SAN FRANCISCO (Reuters) - If the global recession has made companies focus on business plans with solid financial returns, the Internet remains its own autonomous trade zone, free from the reach of the standard rules.
Executives from the world’s top technology and media companies convened near San Diego last week to discuss the future of their businesses and to tout new products that make the Internet more social and more mobile.
But from Hulu.com to Twitter to Microsoft Corp, the heady talk of new Web technology and innovation was matched by the continuing inability by many of the industry’s leaders to make money from their creations, no matter how popular.
“The consumer is deciding where they’re going to spend their time, now we’ve got to figure out what the model is,” said Raj Kapoor, a managing director at the Mayfield Fund venture capital firm, who attended the All Things Digital conference.
Kapoor, who co-founded Snapfish, a photo sharing site acquired by Hewlett-Packard Co in 2005, said it makes sense for start-up companies building new types of services on the Internet to concentrate on acquiring users and engaging them.
“If you don’t have any users, who cares if you’ve figured out monetization,” he said.
For larger companies, whose businesses are being transformed by the Internet, the lack of a business model is of increasing concern.
Social networking services such as Twitter and Facebook have evolved from avant-garde Web services into media phenomena in their own right, competing with long-established players for consumer attention. Apple Inc’s iPhone and the mobile software applications that run on the device have extended the reach of the Internet into consumers’ lives.
Facebook has more than 200 million active users, double the amount it had in August, while traffic to the Twitter website surged roughly 83 percent from the month before to 17 million unique visitors in April, according to comScore.
NBC Universal President Jeff Zucker told the audience at the conference his company was committed to distributing its television content through popular online channels, even potentially a social networking site such as Facebook.

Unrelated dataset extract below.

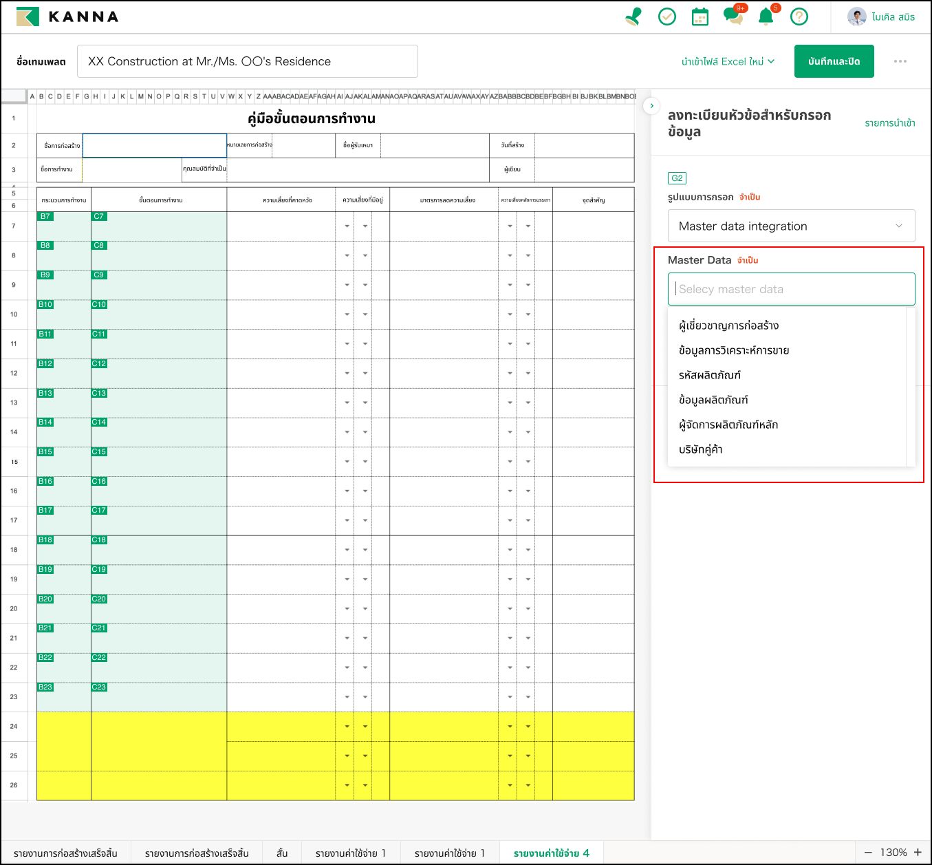 ระบบจะดึงค่าจาก master data ที่เกี่ยวข้องมาแสดงโดยอัตโนมัติ เพียงป้อน Primary key ลงในเซลล์ภายในรายงาน

But he said that for the Web to match the television as a viable medium for professional video content, Internet business models need to evolve to cover the cost structure necessary to produce such programing.
“These programs will be watched on television, online and many different platforms. But the question is how do we get paid for it,” said Zucker.
Whatever Zucker’s misgivings, NBC is not risking being left behind and continues to put resources into the Internet.
Hulu.com, the fast-growing video website co-owned by NBC, News Corp and Walt Disney Co, introduced Hulu Labs last week, which offers users new tools to enhance the online video experience, including a recommendation engine and a desktop PC video viewing application.
When asked at the conference when Hulu.com would be profitable, Zucker replied “soon.”
The champion of the new breed of Internet companies, Twitter, got top billing at the event. Co-founders Biz Stone and Evan Williams described various new product features and money-making initiatives under development, but acknowledged that the key revenue source for the company in a couple of years remains unknown.
“We have to bake into our plans the fact that we don’t know,” said Stone.
As it is, Twitter and Facebook are considered so integral to the modern Internet landscape that other companies are increasingly incorporating social media into their own product plans.
Palm Inc’s forthcoming Pre smartphone will feature a built-in “universal search” feature that allows consumers to dig through Twitter messages directly from the handset. Yahoo Inc plans to rejuvenate its family of online products and services with new social features.
Yahoo executives at the conference also pointed to the importance of free, custom-built software applications for the iPhone and other smartphones, while Nokia CEO Olli- Pekka Kallasvuo showcased Ovi, his company’s answer to the Apple iPhone App Store.
And Microsoft CEO Steve Ballmer vowed to unleash a large marketing budget -- pegged at $80 million to $100 million by Advertising Age -- to promote the company’s new search engine, even as the software firm’s online business continues to lose money.
Georges Nahon, the CEO of Orange Labs, a division of France Telecom SA, said most of the products on display at the conference were examples of companies adapting their businesses to existing trends, rather than true innovations.
Nahon forecast that the real technological breakthroughs would come 12 to 18 months from now, from college kids who are not even on the radar of the established corporations.
For businesses trying to crack the code to a profitable online model, that could mean another trip back to the drawing board.